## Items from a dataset
···

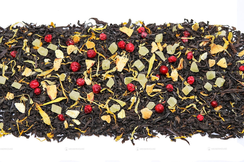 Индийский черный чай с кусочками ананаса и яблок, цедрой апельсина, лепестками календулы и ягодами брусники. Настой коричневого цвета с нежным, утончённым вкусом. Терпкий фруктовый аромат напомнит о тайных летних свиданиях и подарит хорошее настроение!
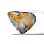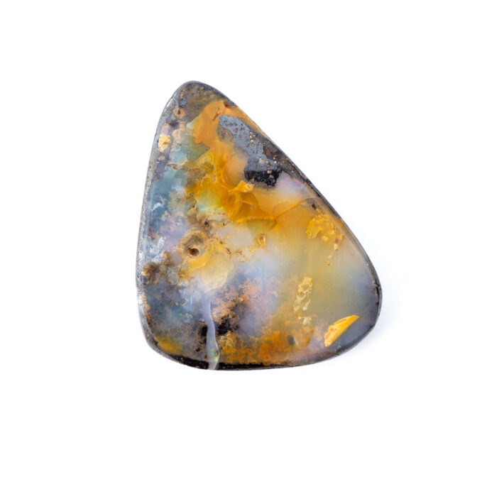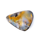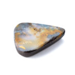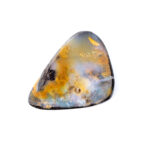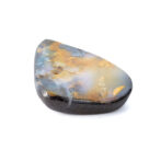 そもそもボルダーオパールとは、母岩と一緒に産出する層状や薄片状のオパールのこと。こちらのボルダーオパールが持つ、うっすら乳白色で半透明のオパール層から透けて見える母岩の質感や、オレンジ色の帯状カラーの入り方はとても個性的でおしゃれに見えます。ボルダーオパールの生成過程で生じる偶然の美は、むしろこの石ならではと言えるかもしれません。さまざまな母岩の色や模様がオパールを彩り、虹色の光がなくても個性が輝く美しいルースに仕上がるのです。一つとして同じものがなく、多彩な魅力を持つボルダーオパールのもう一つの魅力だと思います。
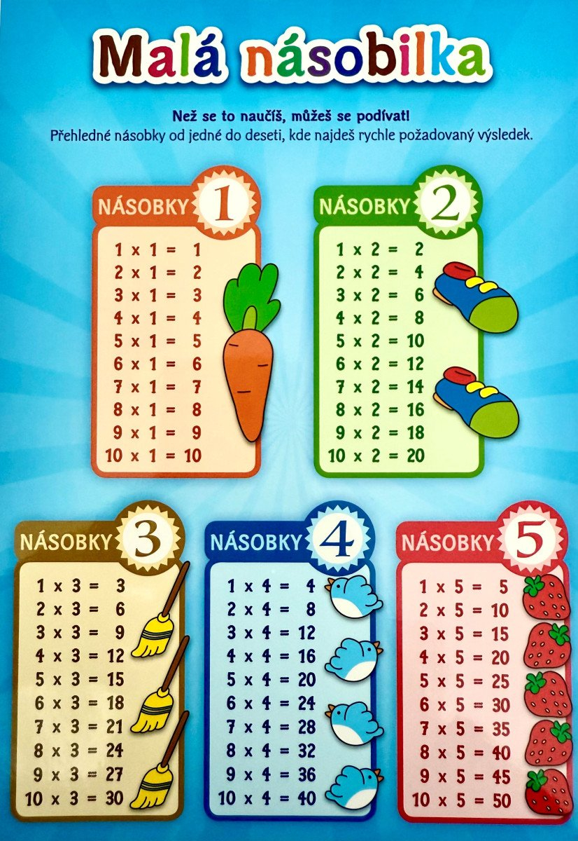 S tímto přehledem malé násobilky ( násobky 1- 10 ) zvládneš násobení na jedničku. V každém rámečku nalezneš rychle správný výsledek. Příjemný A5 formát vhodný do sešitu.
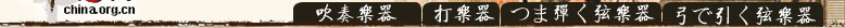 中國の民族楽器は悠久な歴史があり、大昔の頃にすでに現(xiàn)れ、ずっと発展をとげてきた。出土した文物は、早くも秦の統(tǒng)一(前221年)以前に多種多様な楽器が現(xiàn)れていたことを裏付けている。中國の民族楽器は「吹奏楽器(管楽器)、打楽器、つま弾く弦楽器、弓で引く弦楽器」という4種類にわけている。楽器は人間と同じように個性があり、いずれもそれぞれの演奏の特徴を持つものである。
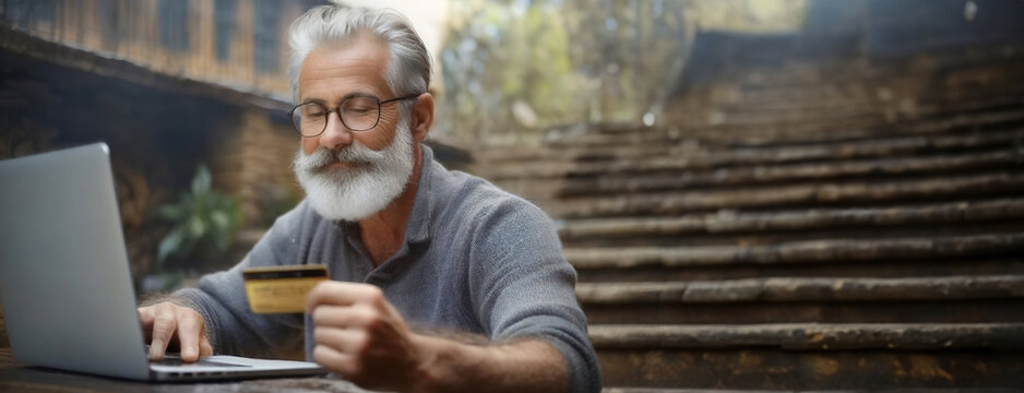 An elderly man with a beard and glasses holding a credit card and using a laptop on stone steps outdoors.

···

Restate the data above exactly, stripping out each image.

## Response to this task
 Индийский черный чай с кусочками ананаса и яблок, цедрой апельсина, лепестками календулы и ягодами брусники. Настой коричневого цвета с нежным, утончённым вкусом. Терпкий фруктовый аромат напомнит о тайных летних свиданиях и подарит хорошее настроение!
 そもそもボルダーオパールとは、母岩と一緒に産出する層状や薄片状のオパールのこと。こちらのボルダーオパールが持つ、うっすら乳白色で半透明のオパール層から透けて見える母岩の質感や、オレンジ色の帯状カラーの入り方はとても個性的でおしゃれに見えます。ボルダーオパールの生成過程で生じる偶然の美は、むしろこの石ならではと言えるかもしれません。さまざまな母岩の色や模様がオパールを彩り、虹色の光がなくても個性が輝く美しいルースに仕上がるのです。一つとして同じものがなく、多彩な魅力を持つボルダーオパールのもう一つの魅力だと思います。
 S tímto přehledem malé násobilky ( násobky 1- 10 ) zvládneš násobení na jedničku. V každém rámečku nalezneš rychle správný výsledek. Příjemný A5 formát vhodný do sešitu.
 中國の民族楽器は悠久な歴史があり、大昔の頃にすでに現(xiàn)れ、ずっと発展をとげてきた。出土した文物は、早くも秦の統(tǒng)一(前221年)以前に多種多様な楽器が現(xiàn)れていたことを裏付けている。中國の民族楽器は「吹奏楽器(管楽器)、打楽器、つま弾く弦楽器、弓で引く弦楽器」という4種類にわけている。楽器は人間と同じように個性があり、いずれもそれぞれの演奏の特徴を持つものである。
 An elderly man with a beard and glasses holding a credit card and using a laptop on stone steps outdoors.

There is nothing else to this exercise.